“Picture it: Florida, 2012. An elderly diabetic woman turns on her computer and has an online visit with her doctor to check on her blood glucose readings.” Sophia Petrillo, Estelle Getty’s character on Golden Girls, probably would have never fathomed telling this story; however, this story, unlike many of her native Sicilian tall tales, will be coming true. The Villages, the country’s largest senior residential community in the U.S., in partnership with University of South Florida (USF) Health and Boston, Mass.-based American Well, have launched an e-visit telehealth platform to begin its journey toward accountable and patient-centered care.
The web-based e-visit will specifically target the 90,000 residents of The Villages retirement community in central Florida to increase access to primary and specialty care, including post-operative care, diabetes care, cardiovascular health, dermatology, mental health, and urology. This service will allow seniors and healthcare providers to have live and clinically meaningful online visits through video, secure text chat, or phone. The physician documentation from the conversation will then be transmitted to an electronic health record (EHR) to be a part of the patient record.
The goal is to utilize the e-visit to reduce hospital admissions, readmission rates, and pharmacy costs, while allowing Medicare beneficiaries to remain in their homes rather than long-term care settings.
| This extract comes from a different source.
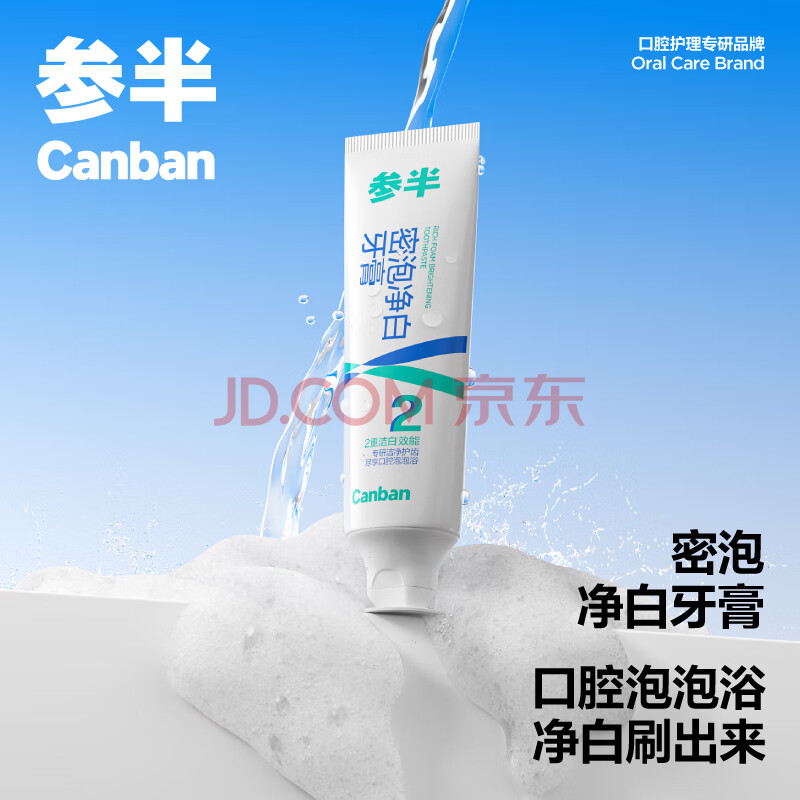 参半密泡净白牙膏 净白清洁去牙垢密泡牙膏60g*1(15.9元)
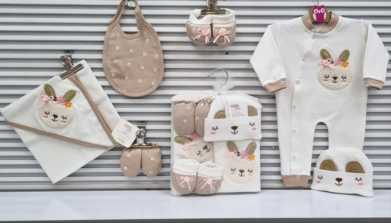 ست بیمارستانی گود مارک طرح خرگوش مجموعهای از لباسها و لوازم ضروری برای روزهای اول تولد است که شامل لباس، کلاه، دستکش، جوراب و پتو میشود.

“People make decisions whether or not to go to the doctor’s office based on cost, how long they are going to have to wait, on transportation, and then sometimes that decision not to go creates an emergency room visit or a readmission,” says Stephen K. Klasko, M.D., dean of the USF Health Morsani College of Medicine and CEO, USF Health. “So having that intermediate step where you can talk to a nurse or doctor and get some good information is a great advance to make healthcare more patient-centric and reduce costs.”
Stephen K. Klasko, M.D.
The e-visit program is seen as a central primary care tool for The Villages Health system’s accountable care organization (ACO) initiative. “With the way that we’re working on The Villages accountable care organization, it will be the patient-centered medical homes, it will be the University [USF Health] as the specialist, it will be a private-label insurance company,” says Klasko. “It will be accountable care in the way of if we save $3 million, $1 million will go back to the insurance company, $1 million will go to the docs, and $1 million will go back into the community.”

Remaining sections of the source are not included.